Re: 2 substitution problems by parv (Parson) on Mar 28, 2009 at 07:31 UTC
s/// stands for substitution operation, not sed. sed(1) is not synonymous to substitution, even though that may be its most used feature. Could you please update the title of your post to "2 substitution problems"? `/vobs/dirname1////dirname2//dirname3////filename` becomes `/vobs/dirname1/dirname2/dirname3/filename` I have tried to replace 2 or more "/"'s with a single "/" using `$filename =~ s/\/[\/]+/\//;` [download] but the above statement does nothing That last statement is false, which you would have noticed if you had printed the file name before & after `s///` operation. You would have seen that at least first set of consecutive '/' is squashed to single one. To flatten all the rest, all you need to do is globally replace by using `/g` flag ... `# Used a delimiter other than '/' to avoid escaping '/'. $p =~ s!//+!/!g;` [download] As for your second problem, the subdirectory needs to be captured to reference in the pattern (and later in substitution) ... `$p = '/vobs/synergy_core_apps/code/../code/personalize/src'; print 'before: ' , $p , "\n"; # Besides the /g flag, used /x in order to make the pattern stand out +. $p =~ s{ ([^/]+) /[.]{2}/ \1 } /$1/gx; print 'after: ' , $p , "\n";` [download] If the paths being cleansed actually exist on the file system, I would rather use &Cwd::realpath. See also: perlretut, perlre, YAPE::Regex::Explain, perlfaq6, Mastering Regular Expressions, etc.	[reply] [d/l] [select]

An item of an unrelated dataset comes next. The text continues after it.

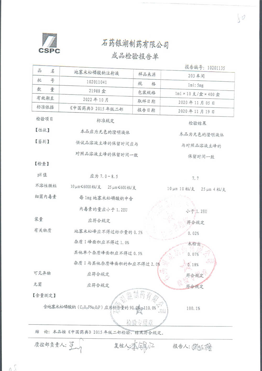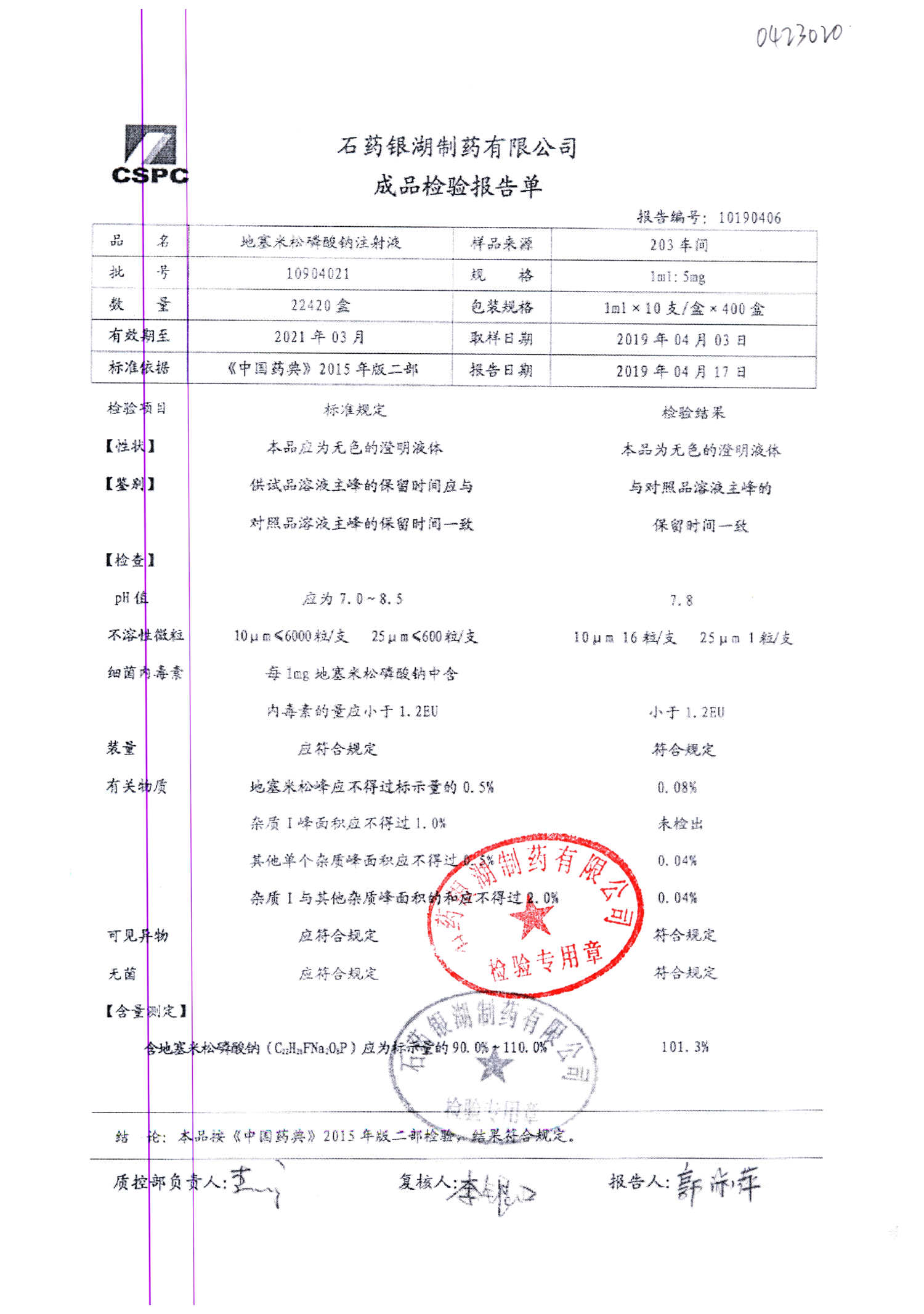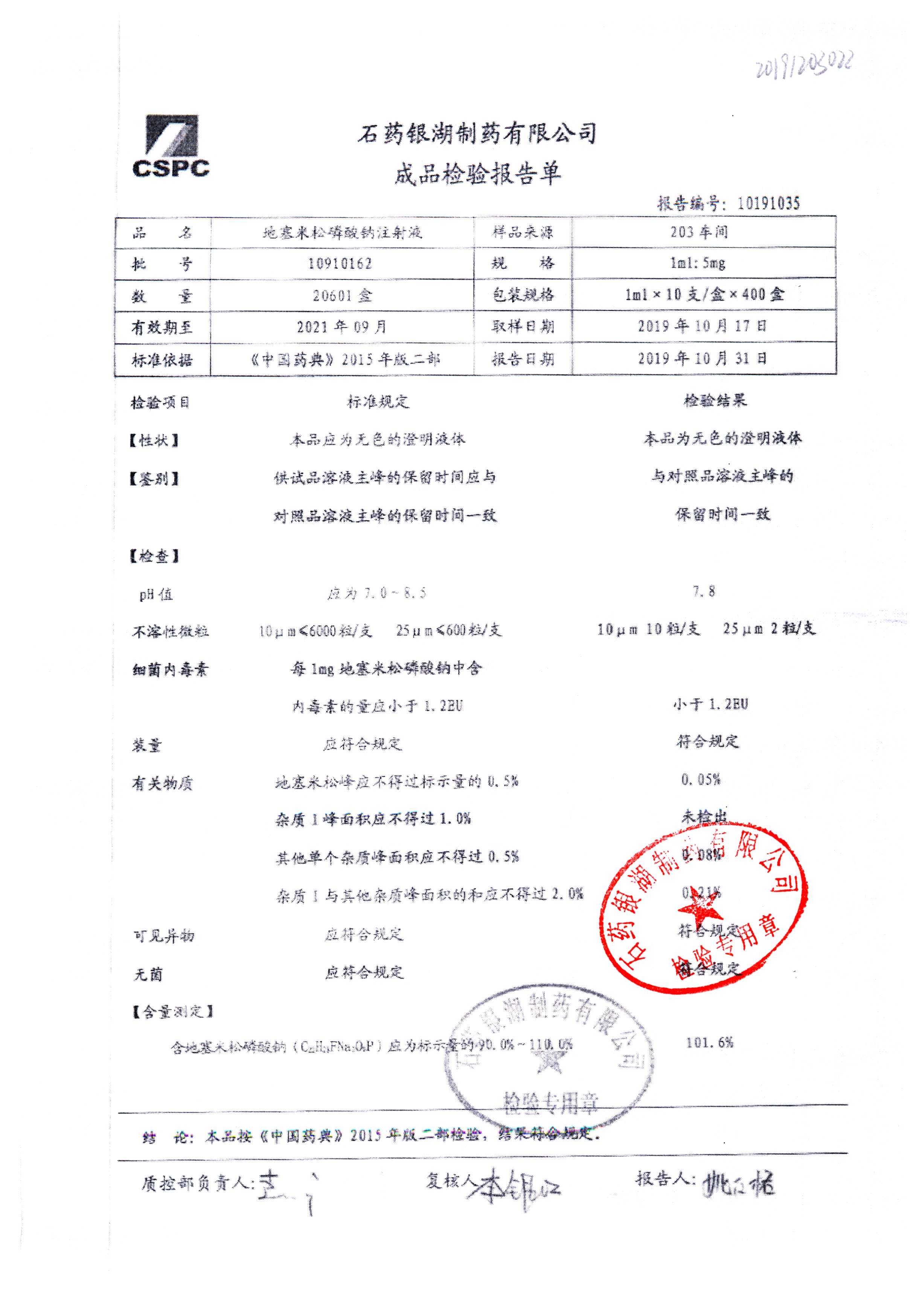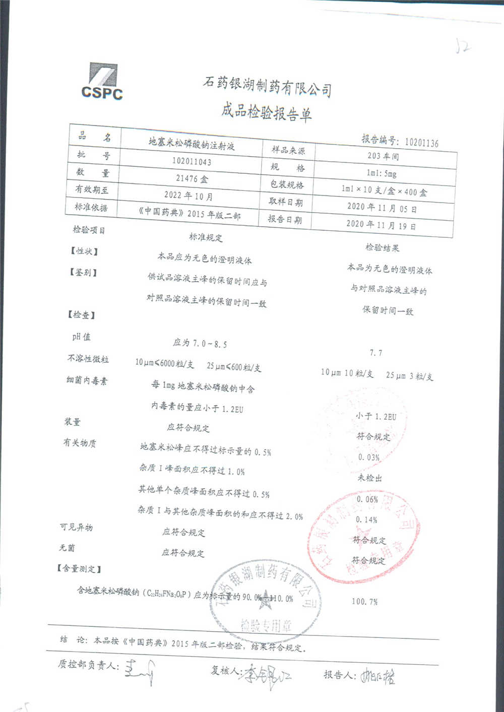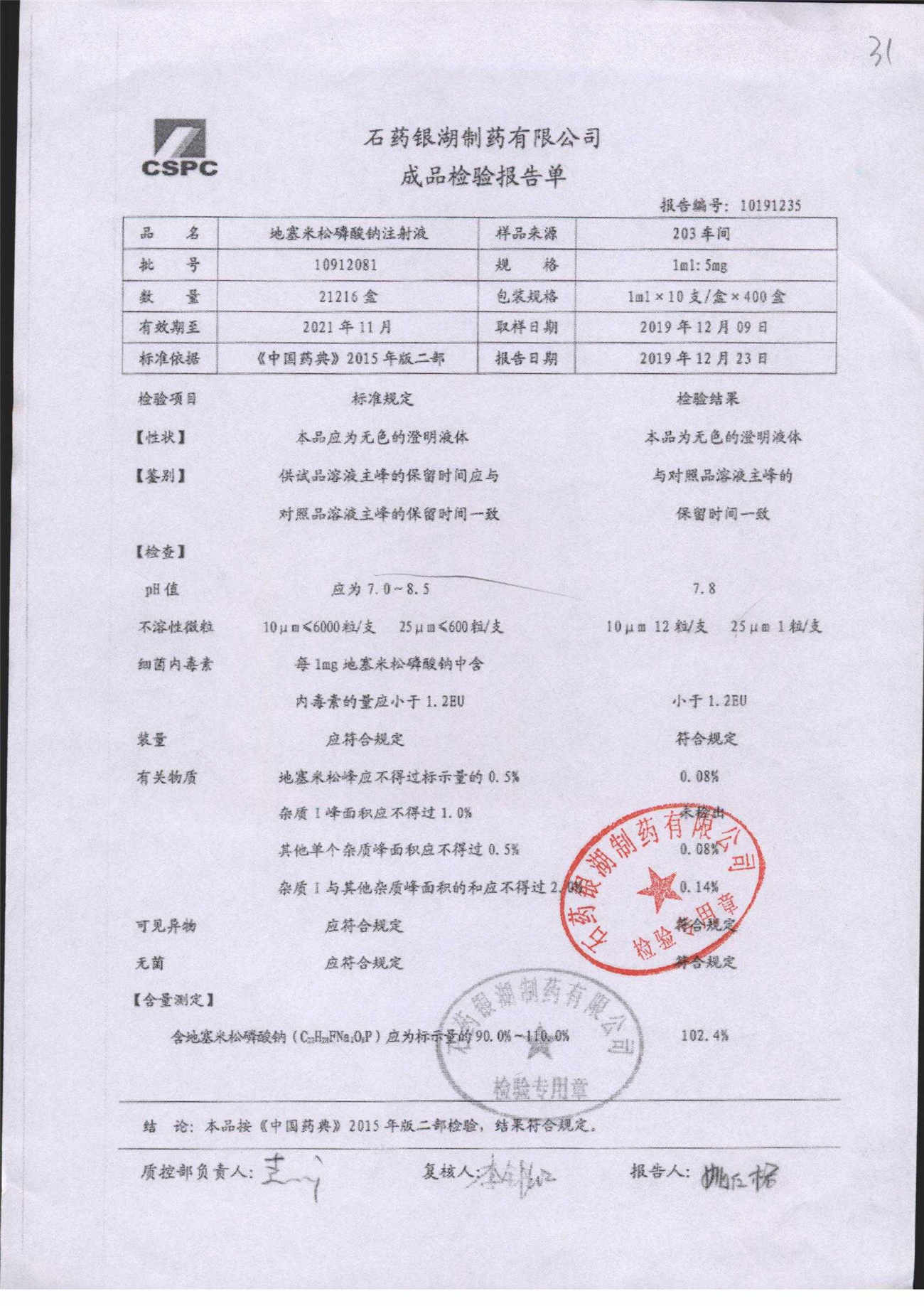 地塞米松磷酸钠注射液 | 1ml:5mg | 102011041 | 查看详情 |

Re^2: 2 sed problems by AnomalousMonk (Archbishop) on Mar 28, 2009 at 15:23 UTC
The `s{ ([^/]+) /[.]{2}/ \1 } /$1/gx;` regex only handles the `'foo/../foo'` case; it does not handle something like `'foo/bar/../../baz'`. Purely as a mental exercise, a deprecated regex approach to handling repeated return to a parental directory might be something like: >perl -wMstrict -le "my $parent = qr{ \.\. / }xms; my $dir = qr{ (?> [^/]+ /) (?<! $parent) }xms; print 'output:'; for my $f (@ARGV) { 1 while $f =~ s{ $dir $parent }{}xmsg; print $f } " /vobs/foo/../foo/bar/me/my/../../me/my/moo /vobs/foo/../bar/me/my/../../ma/mo/moo /vobs/x/y/z/../../../x/y/z/filename /vobs/x/y/z/../../../a/b/c/filename /a/../b/c/d/../../e/f/g/h/i/../../../j/k/l/m/n/o/p/../../../../q output: /vobs/foo/bar/me/my/moo /vobs/bar/ma/mo/moo /vobs/x/y/z/filename /vobs/a/b/c/filename /b/e/f/j/k/l/q [download] However, this falls into the class of Stupid Regex Tricks because: I doubt it covers all possible variations of nix path; Even if it covers all such variations (or the subset thereof that the OPer is interested in), extensive testing would be needed to verify this; It does not handle symlinks (see Re^3: 2 substitution problems below); It is not portable to other file systems; And finally, I'm sure there are a few other objections one could think of given a little time. As Amphiaraus said, the preferred solution would be some module like Cwd that would overcome all these objections. Update:* Added symlink objection to list of regex solution objections per parv.	[reply] [d/l] [select]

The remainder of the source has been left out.